• _YOUR OBJECTIVE_: Line for line, return the data exactly, omitting all pictures.

START SUPPLIED MATERIAL

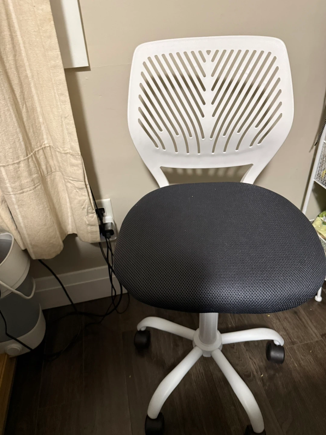 Selling an IKEA desk and office chair. The desk is white and measures approximately 73 cm (28 3/4") wide, 50 cm (19 3/4") deep, and 75 cm (29 1/2") tall. $50 for both chair and table.
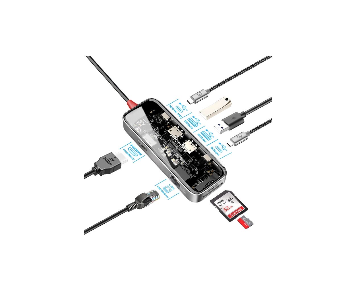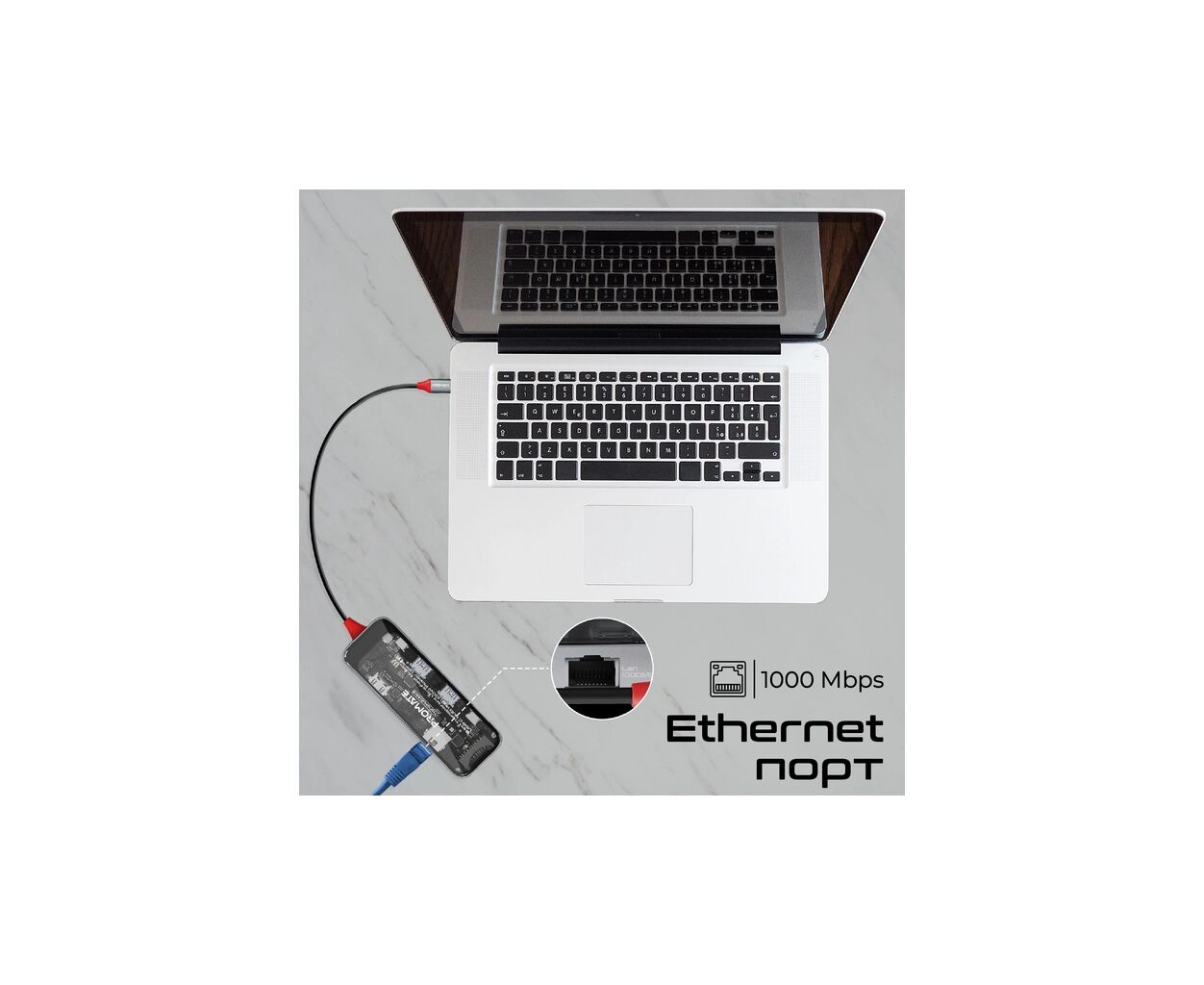 Отзывы о Концентратор Promate USB-C 8-in-1 USB-C PD100W + HDMI 4K60Hz + USBC + 2xUSB 3.0 + RJ45 1000Mbps + SD/MicroSD grey (transhub-mini) от реальных покупателей
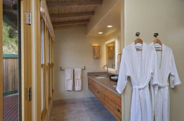 À environ 100 mètres de la propriété principale, sur un terrain en bord de mer, on trouve 44 bungalows en bois et acier, surélevés et construits en terrasse face à la mer. Cette zone exclusive bénéficie en plus d’une piscine et d’un parking réservé. Les équipements sont identiques, chaque bungalow est pourvu d’une belle terrasse :
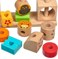 Stabilno postolje i tri klina olakšavaju pravilno slaganje dijelova. Djeca vježbaju finu motoriku i koordinaciju ruka–oko pri nizanju i slaganju.
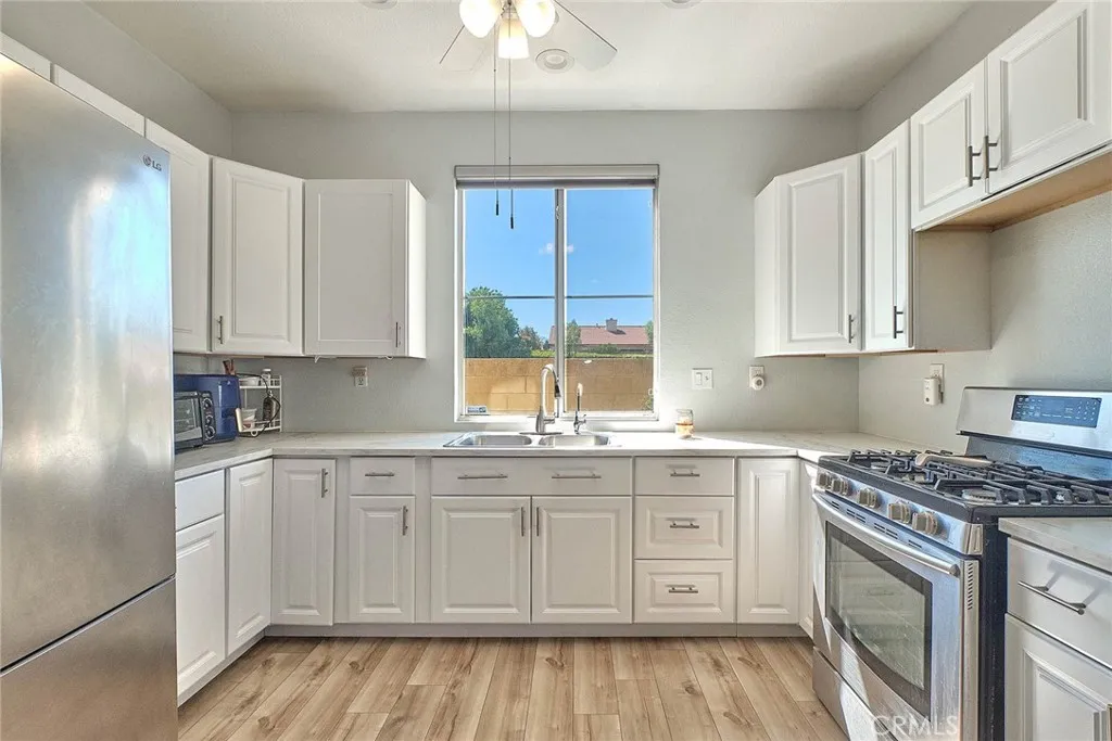 Welcome to the gated community of Oak Lane in the heart of Santa Clarita, known for its peaceful surroundings and convenient location. (1) This beautiful home offers Approx.1,800 sq ft. of open and airy living space with a bright layout. (2) Four spacious 4-bedroom, 3-bathroom floor plan. (3) Completely upgraded and remodeled throughout in 2022. (4) Low HOA of $355/month and no Mello-Roos. (5) The private backyard is the perfect space for family BBQs and outdoor enjoyment. (6) Although it's located on a main street, there is not much traffic, and as an end unit, the entire home receives plenty of natural light.
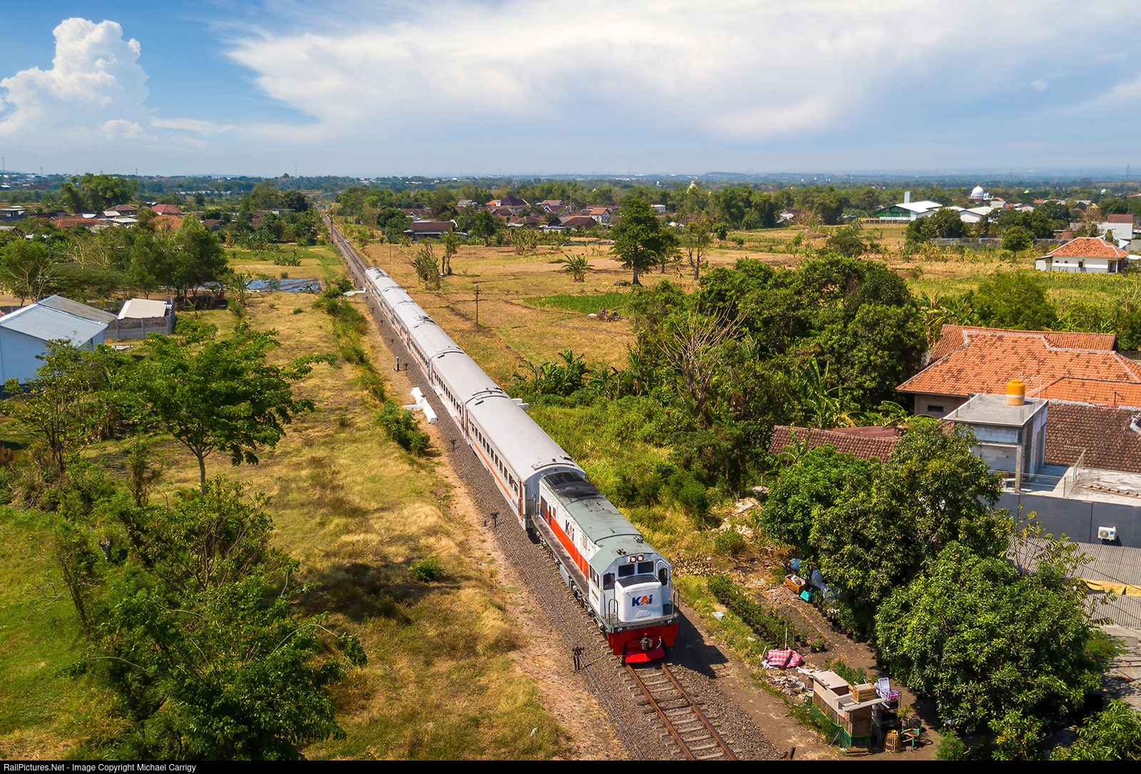 | A southbound commuter rail train approaches Sukorejo Station in East Java, Indonesia, within the Pasuruan Regency. KAI branded commuter rail service along the Surabaya–Blitar route via Malang as Penataran, in honor of the Penataran Temple. It is a local "economy class" train service that operates from Indonesia's second largest city - Surabaya.

END SUPPLIED MATERIAL

• _ANSWER AREA_:
 Selling an IKEA desk and office chair. The desk is white and measures approximately 73 cm (28 3/4") wide, 50 cm (19 3/4") deep, and 75 cm (29 1/2") tall. $50 for both chair and table.
 Отзывы о Концентратор Promate USB-C 8-in-1 USB-C PD100W + HDMI 4K60Hz + USBC + 2xUSB 3.0 + RJ45 1000Mbps + SD/MicroSD grey (transhub-mini) от реальных покупателей
 À environ 100 mètres de la propriété principale, sur un terrain en bord de mer, on trouve 44 bungalows en bois et acier, surélevés et construits en terrasse face à la mer. Cette zone exclusive bénéficie en plus d’une piscine et d’un parking réservé. Les équipements sont identiques, chaque bungalow est pourvu d’une belle terrasse :
 Stabilno postolje i tri klina olakšavaju pravilno slaganje dijelova. Djeca vježbaju finu motoriku i koordinaciju ruka–oko pri nizanju i slaganju.
 Welcome to the gated community of Oak Lane in the heart of Santa Clarita, known for its peaceful surroundings and convenient location. (1) This beautiful home offers Approx.1,800 sq ft. of open and airy living space with a bright layout. (2) Four spacious 4-bedroom, 3-bathroom floor plan. (3) Completely upgraded and remodeled throughout in 2022. (4) Low HOA of $355/month and no Mello-Roos. (5) The private backyard is the perfect space for family BBQs and outdoor enjoyment. (6) Although it's located on a main street, there is not much traffic, and as an end unit, the entire home receives plenty of natural light.
 | A southbound commuter rail train approaches Sukorejo Station in East Java, Indonesia, within the Pasuruan Regency. KAI branded commuter rail service along the Surabaya–Blitar route via Malang as Penataran, in honor of the Penataran Temple. It is a local "economy class" train service that operates from Indonesia's second largest city - Surabaya.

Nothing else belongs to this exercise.